The hot labor market could be starting to soften, as U.S. employers posted 10.7 million job openings in June, tapering off a bit from previous months.
The June data follows several months of record-high job openings and quit rates, which marked the high point of the hot labor market, as employers scrambled to find workers amid shortages across many sectors. June’s figures continue to reflect a strong labor market.
“June was a pivotal month for the labor market,” said Julia Pollak, a labor economist at ZipRecruiter. “There were interest rate hikes, the stock market entered a bear market, industrial output was negative and consumer spending slowed.
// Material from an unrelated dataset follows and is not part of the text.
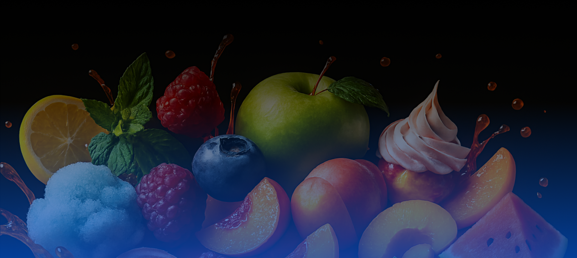 Green Apple + Mixed Berries + Cool Mint + Cotton Candy + Fruit Splash + Watermelon Mint + Blueberry Razz lemon + Pineapple Mango + peach Burst + Strawberry Sundae

A whole number of key recession indicators flipped.”
The slowing down in the labor market is related to mounting head winds in the economy. Inflation has soared to a 40-year high, which is weighing on many companies and households. In response, the Federal Reserve has raised interest rates four times this year, including by three-quarters of a percentage point in July.
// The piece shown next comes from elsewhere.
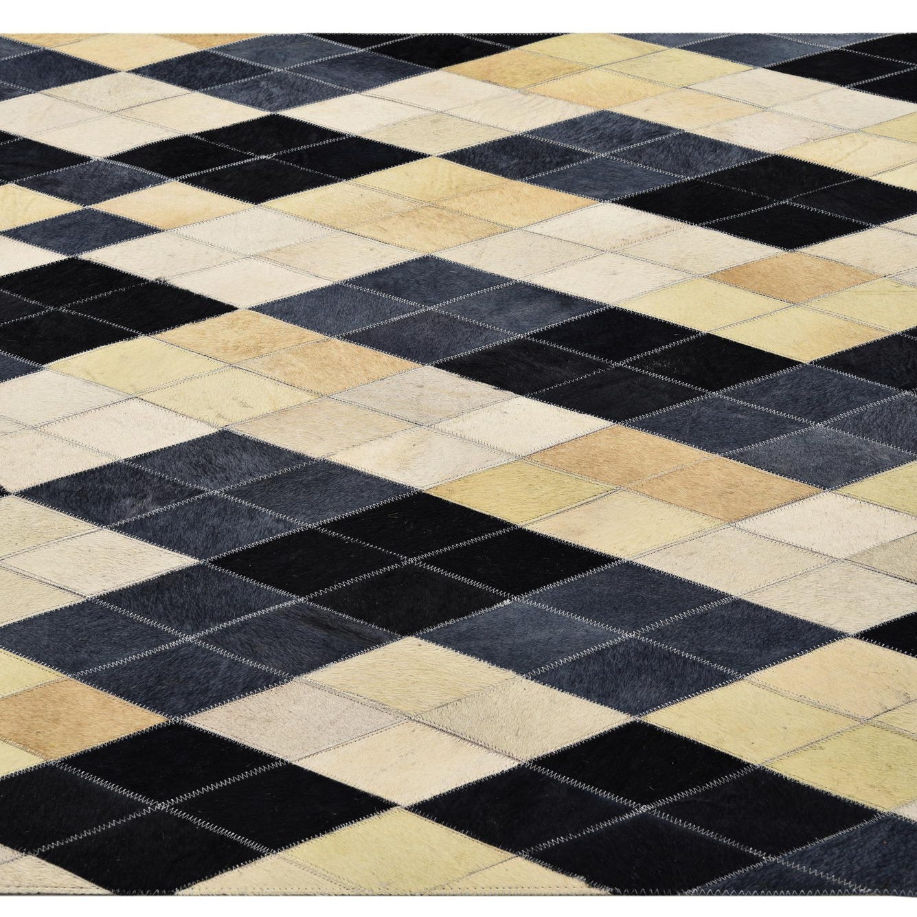 From the Cowhide Collection, this handcrafted 4x6 rug presents a dynamic harlequin pattern, infusing classic design with a contemporary edge. Artfully constructed with cowhide and leather, the rug showcases a harmonious blend of black, ivory, yellow, and gray tones set against a multi-colored background, offering a versatile palette that complements a variety of living spaces.

The Fed is aiming to bring prices down, but that work is expected also to push up the unemployment rate from 3.6 percent to 4.1 percent. The Fed’s goal is to reduce the number of job postings and hirings without triggering a massive wave of job losses.
“What we’re seeing in June will get quite a bit worse in July,” Pollak said. “That’s because [the Fed] is throwing a lot of cold water on the economy generally and causing a huge amount of uncertainty.”
The retail and wholesale trade sectors saw a notable decline in job openings in June, which could reflect a shift in consumer demand away from goods toward services that people cut back on during the pandemic, such eating out, going to the movies and travel. Job openings in retail dropped in June to 800,000 from 1.2 million in May. Openings in wholesale trade fell from 370,000 to 290,000.
“Some sectors are puling back on hiring intentions because their broader economic outlook is starting to become less rosy or they have industry-specific concerns,” said Nick Bunker, head of research at Indeed’s Hiring Lab. “Retail and wholesale trade are sectors that employ lots of people and there’s lots of inventory buildup in retail. Some employers are starting to say, ‘Okay, we have too much inventory, and there won’t be continued demand for good, so let’s slow down hiring.’ At the same time, they’re not letting workers go.”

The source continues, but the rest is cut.